You can see above from the colouring that the inserted denominator and numerator of the composed function cancel out. All good. Now your turn with three functions (and that will be useful for the rest of the lecture).

Warning

The prime notation \(f'(\square)\) can be error-prone.

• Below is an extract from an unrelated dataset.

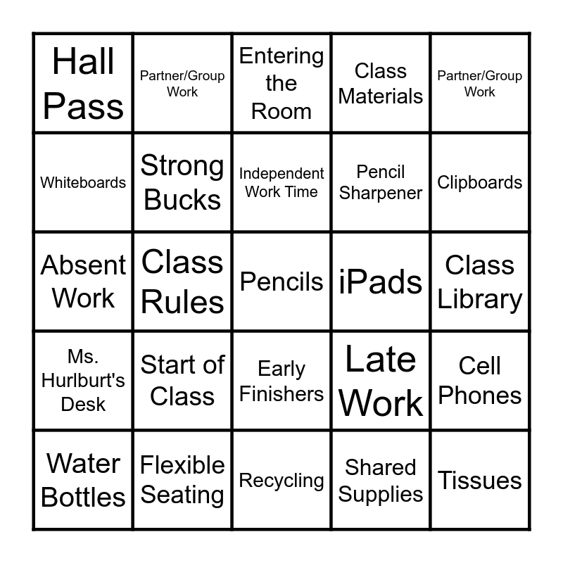 This bingo card has 25 words: Start of Class, Recycling, Independent Work Time, Water Bottles, Partner/Group Work, Hall Pass, Whiteboards, Partner/Group Work, iPads, Early Finishers, Pencil Sharpener, Absent Work, Late Work, Cell Phones, Strong Bucks, Tissues, Class Library, Entering the Room, Clipboards, Class Rules, Pencils, Flexible Seating, Ms. Hurlburt's Desk, Class Materials and Shared Supplies.

It is the derivative with respect to \(\square\) as the variable, i.e. as a block on its own (even if it depends on other variables).

\[\begin{equation*} \frac{\mathrm{d} f(\square)}{\mathrm{d} \square} = f'(\square ) \end{equation*}\]

Exercise

What would be the chain rule for three functions?

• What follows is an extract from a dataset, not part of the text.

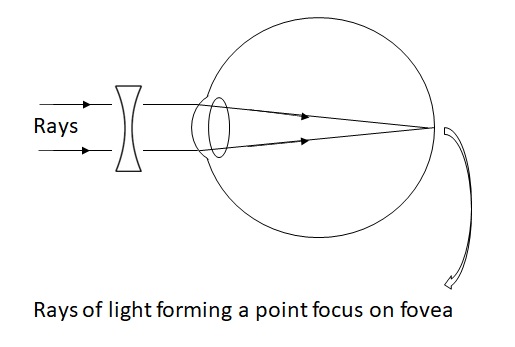 When we put a concave lens (minus number lens) in front of the eye, the rays of light falling on the eye, make a point focus on the retina, thus enabling the eye to see clearly.

(84)#\[\begin{equation} k(x) = h(f(g(x))) \end{equation}\]

Main Steps#

Before diving into a more mathematical writing, let’s just list the main steps of backpropagation. We will detail steps 2 and 3 very soon:

Algorithm 5 (Backpropagation)

Inputs
Training data set \(X\) of \(m\) samples with each \(n\) input features, associated with their targets \(y\)

Hyperparameters

  • Learning rate \(\alpha\)

  • Number of epochs \(N\)

Start

Step 0: Weight initialization

Step 1: Forward propagation:
\(\qquad \qquad \qquad \qquad \bullet\) get list of \(m\) predictions \(\boldsymbol{\hat{y}}^{(i)}\)

Step 2: Backpropagation:
\(\qquad \qquad \qquad \qquad \bullet\) get all errors \(\boldsymbol{\delta}^{(i, \: \ell)}\) using observations \(\boldsymbol{y}^{(i)} \\[2ex]\)
\(\qquad \qquad \qquad \qquad \bullet\) sum errors and get all cost derivatives:

\[\frac{\partial \text{ Cost}}{\partial W^{(\ell)}} \qquad ; \qquad \frac{\partial \text{ Cost}}{\partial \boldsymbol{b}^{(\ell)}}\]

Step 3: Gradient Descent steps to update weights & biases:

\[\begin{split}\begin{align*} W^{(\ell)} &\leftarrow W^{(\ell)} - \alpha \frac{\partial \text{ Cost}}{\partial W^{(\ell)}} \\[1ex] \boldsymbol{b}^{(\ell)} &\leftarrow \boldsymbol{b}^{(\ell)} - \alpha \frac{\partial \text{ Cost}}{\partial \boldsymbol{b}^{(\ell)}} \end{align*} \end{split}\]

End of epoch, repeat step 1 - 3 until/unless:

Exit conditions:

  • Number of epochs \(N^\text{epoch}\) is reached

  • If all derivatives are zero or below a small threshold

Computations#

Now there will be math.

What is the goal?#

Always a good question to start. We want to tweak the weights \(\boldsymbol{W}\) and biases \(\boldsymbol{b}\) so that the network predictions \(\boldsymbol{\hat{y}}^{(i)}\) get as close as they can be to the observed values \(\boldsymbol{y}^{(i)}\). For all samples \(i\) of the training dataset. In other words, we want to know how to change the weights and biases so that we minimize the cost:

(86)#\[ \min_{\boldsymbol{W},\boldsymbol{b}} \text{ Cost}(\boldsymbol{W},\boldsymbol{b})\]

For this, we will need the partial derivatives of the cost function with respect to the parameters we want to optimize.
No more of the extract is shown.